As I sipped my tea, I opened my email to see what was there to be seen, and there it was – an email letter from Brandon Letsinger which explained not only that this Working Group exists, but I’ve been appointed to its membership! What a morning!
I didn’t even apply for membership. (How could I apply for something I didn’t know exists?) And Brandon full well knows I could, in theory, refuse. So I suppose he just has this kind of a sense of humour. I like it! Brandon probably knew I’d jump up and click my heels in joy knowing that such a thing exists and that I get to participate in its unfolding process.
I learned about bioregionalism decades ago, and have read books and articles and watched films about it. And it always made perfect heart-sense to me. It’s just the way I’m wired, and have been since I was a kid.
I figure I belong to the place where I live, and not the other way around, and that place is not an aside, but is at the very heart of what it means to be human — and to be an animal. But few people around me have even heard of bioregionalism, and fewer still could accurately define what it is.
So I go through my life living inside of a bioregional ethos and heart-space knowing full well that the culture around me (in my life-place) doesn’t see it as I do — and probably cannot even imagine what that would be.
At the moment I feel much as I did when, as a young child, Santa Claus had come down the chimney in the night to put magical toys (and even a bicycle!) under a brightly lit, colorful tree — just for me!
For decades, there has been a lacuna in my heart, a space of openness and longing for just such a thing as a North American Bioregional Atlas. But I don’t even think I’ve ever mentioned this vacuum before, this gnawing absence and void.
I’m not sure many would have understood the sadness and grief attached to this absence, or the longing of fulfillment. How could they, if they don’t even know what the bioregionalist vision and ethos is? And you cannot tell anyone what it is in just a few words. And neither can anyone explain what bioregional maps and mapping are in a few words.
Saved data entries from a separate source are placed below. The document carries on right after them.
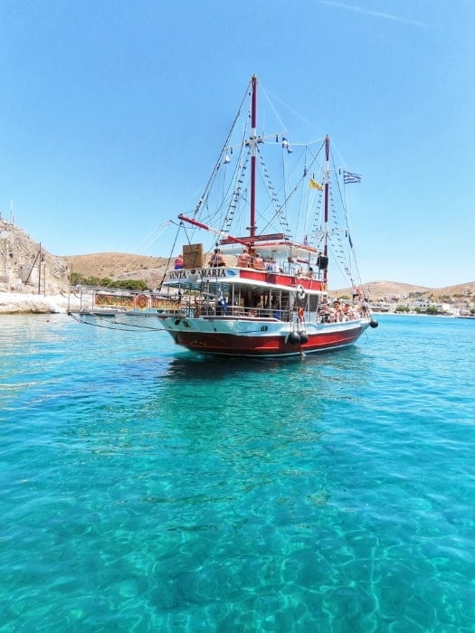 Santa Maria 3-island cruise is a 7.5-hour lazy day boat trip to Kalymnos, Plati, and Pserimos with multiple swim breaks during the day.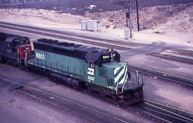 BN merged with the Frisco on April 17th,1980. Frisco SD-45 916 was in pool service at Pocotello in August of 1980.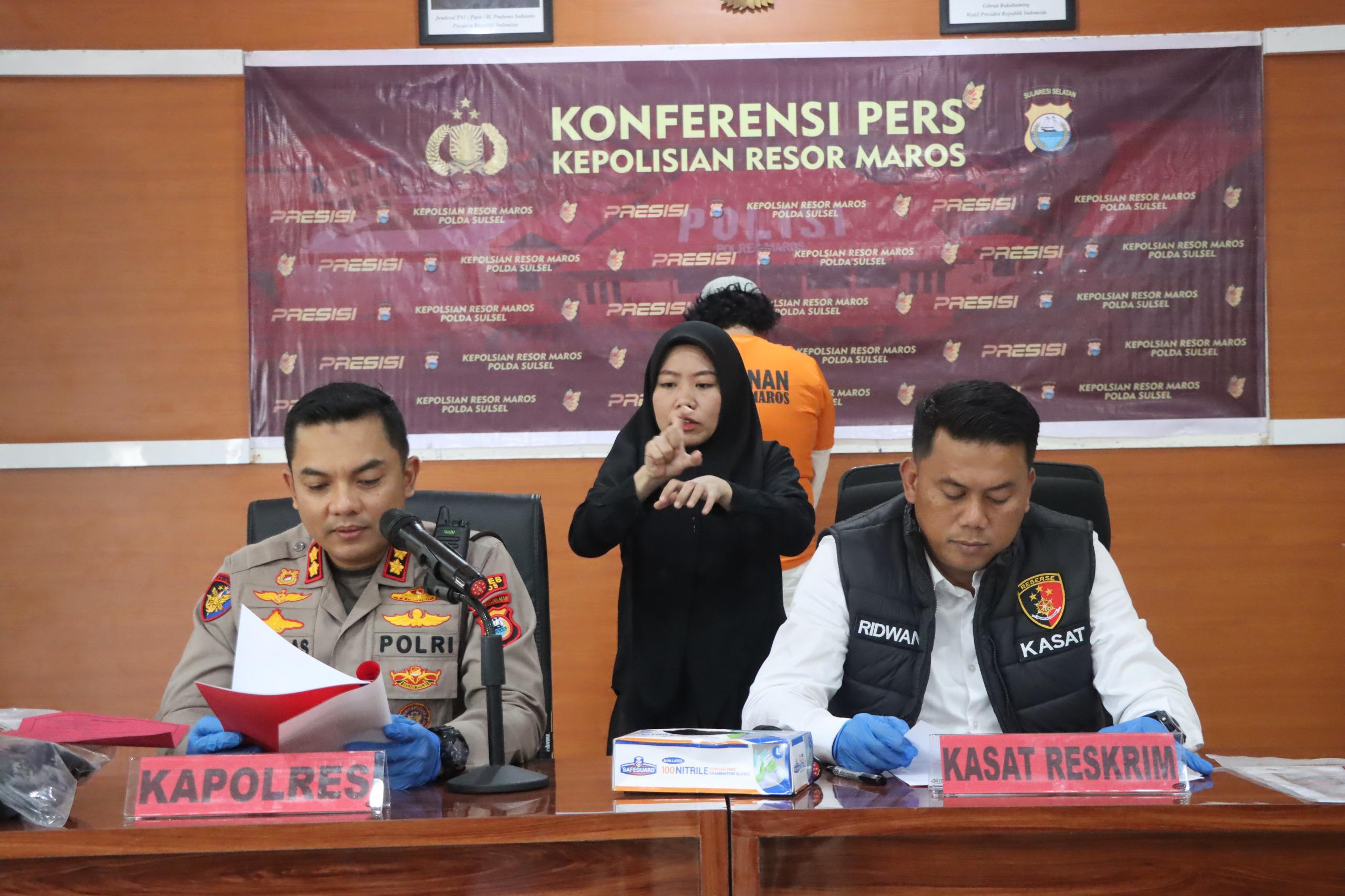 Kapolres Maros, AKBP Douglas Mahendrajaya, S.H., S.I.K., M.I.K., M.Tr.Opsla, menegaskan dalam konferensi pers di Aula Promoter Polres Maros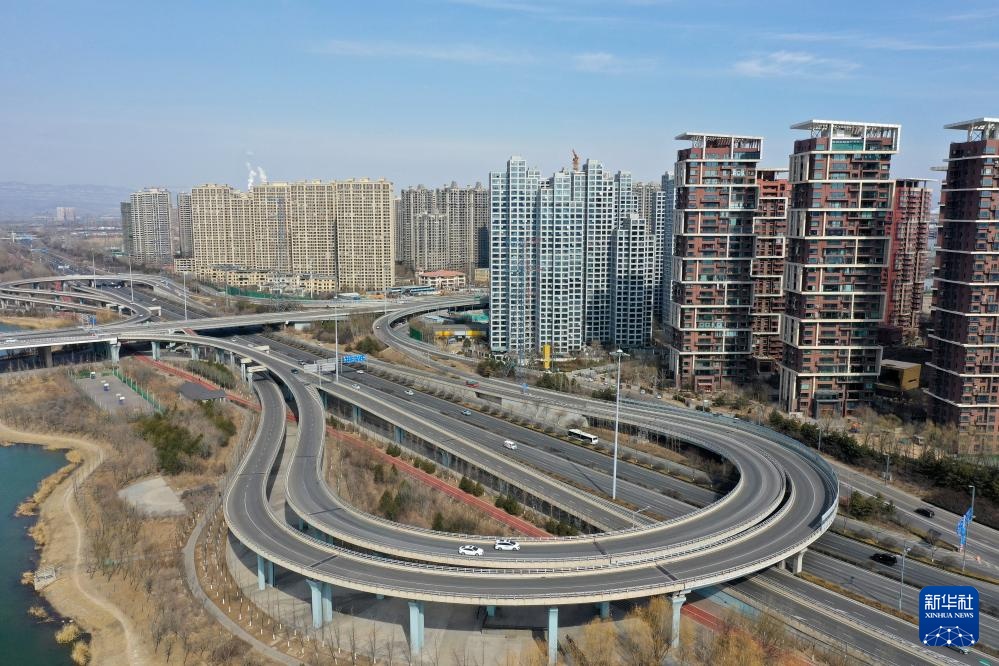 车辆在太原市北中环桥上行驶(2月20日摄,无人机照片)。

For these are expressions of an ethos which is a culture — but it is not a mainstream culture. It’s a counter-culture. That is, it opposes and seeks to replace the dominant culture, which is a dominator culture: a culture which has long had a dominator relationship with the natural word, of which we as a species are a part – and not at its centre).
The purpose of a bioregional map drawn by bioregionalists is to seek to embody the ethos of the bioregionalist culture in form: in this case, the form of an atlas of North America (Turtle Island). Such an atlas would shimmer brightly like a christmas tree! It would be a soothing balm to a wound in all of our hearts — we bioregionalists.
Because it would signal that we’ve finally made it, that we’ve become a mature bioregional movement from sea to shining sea, from bottom to top and all places in between.
To make such an atlas, as I see it, would mean—would necessitate—activating and engaging the bioregionalist ethos in every bioregion of North America. For a bioregionalist map, which differs from a government-made map of bioregions, is made by people who literally dwell within a bioregionalist ethos.
So the creation of a North American Bioregional Atlas would literally put the covers between the pages of place-based, ecological culture here in North America. It would round it all out, making it finally whole.
Please understand, a bioregionalist map cannot be made by any other people than bioregionalist people who map their own land and territory from within — never from without. Never from the outside.